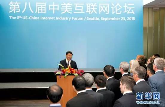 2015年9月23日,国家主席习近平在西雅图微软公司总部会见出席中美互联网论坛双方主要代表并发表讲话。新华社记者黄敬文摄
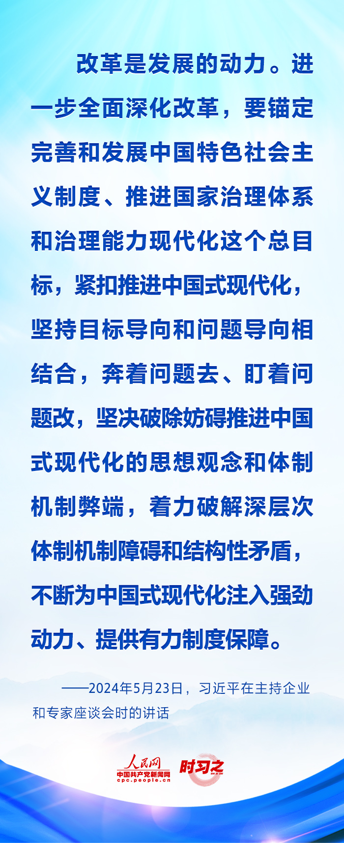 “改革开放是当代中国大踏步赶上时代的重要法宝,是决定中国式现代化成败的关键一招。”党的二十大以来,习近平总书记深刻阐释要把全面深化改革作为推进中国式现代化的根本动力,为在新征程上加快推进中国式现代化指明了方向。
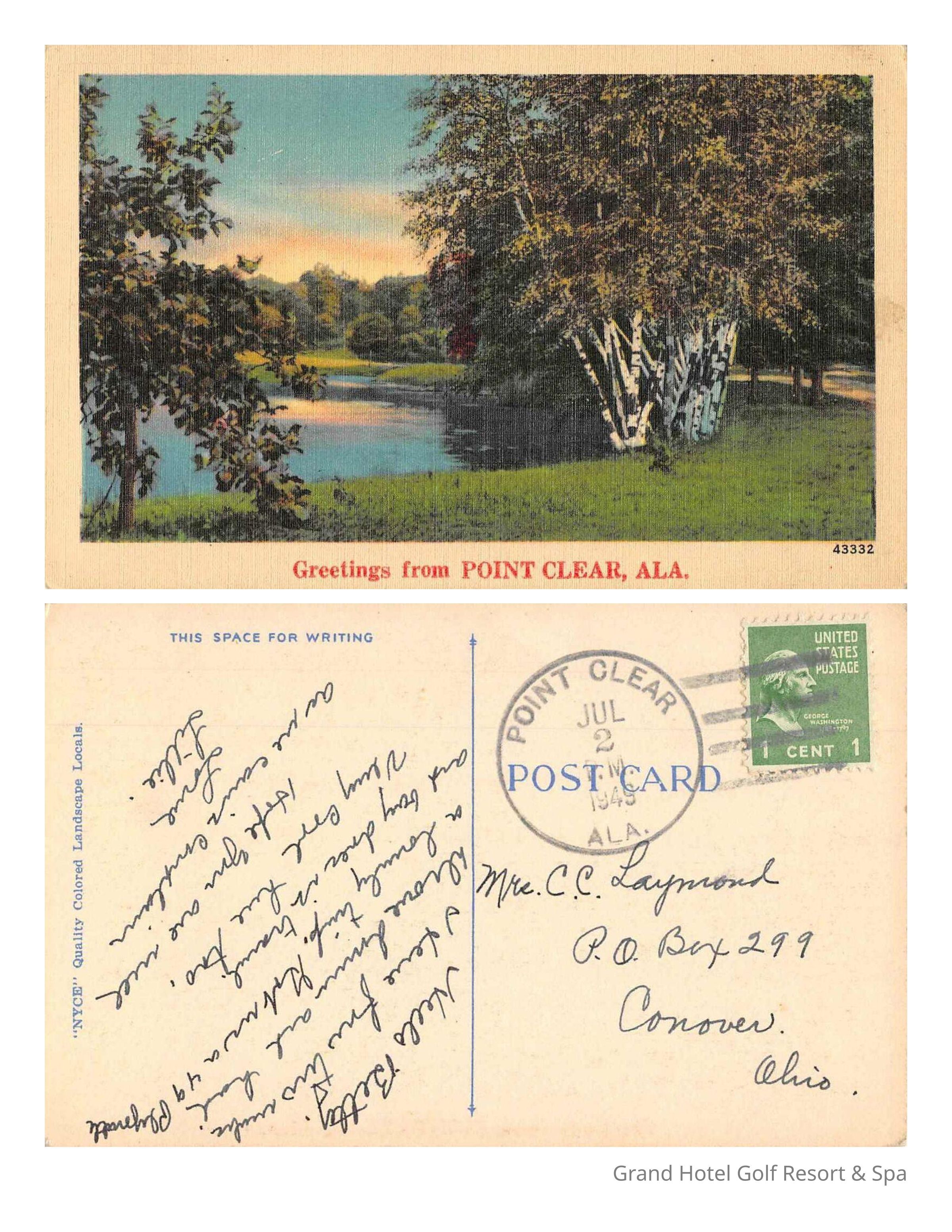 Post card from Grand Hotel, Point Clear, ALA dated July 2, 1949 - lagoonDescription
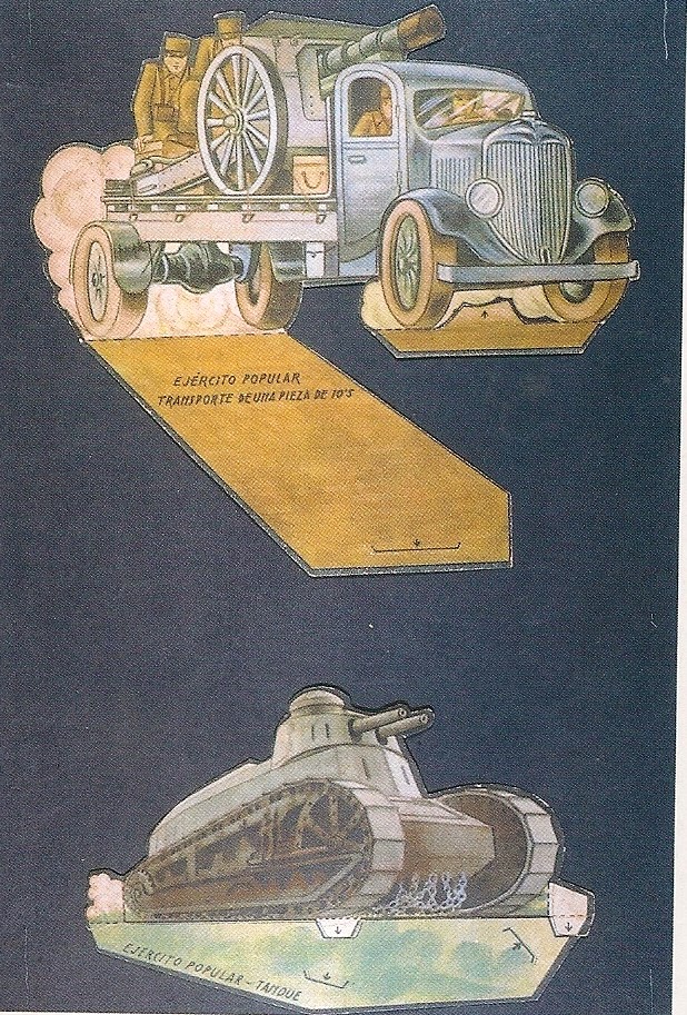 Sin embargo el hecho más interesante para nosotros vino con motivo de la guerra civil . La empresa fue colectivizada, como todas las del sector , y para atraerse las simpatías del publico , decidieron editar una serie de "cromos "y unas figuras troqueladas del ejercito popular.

> The task:
Your task is to repeat the listing exactly while omitting its pictures.

> Written response:
 2015年9月23日,国家主席习近平在西雅图微软公司总部会见出席中美互联网论坛双方主要代表并发表讲话。新华社记者黄敬文摄
 “改革开放是当代中国大踏步赶上时代的重要法宝,是决定中国式现代化成败的关键一招。”党的二十大以来,习近平总书记深刻阐释要把全面深化改革作为推进中国式现代化的根本动力,为在新征程上加快推进中国式现代化指明了方向。
 Post card from Grand Hotel, Point Clear, ALA dated July 2, 1949 - lagoonDescription
 Sin embargo el hecho más interesante para nosotros vino con motivo de la guerra civil . La empresa fue colectivizada, como todas las del sector , y para atraerse las simpatías del publico , decidieron editar una serie de "cromos "y unas figuras troqueladas del ejercito popular.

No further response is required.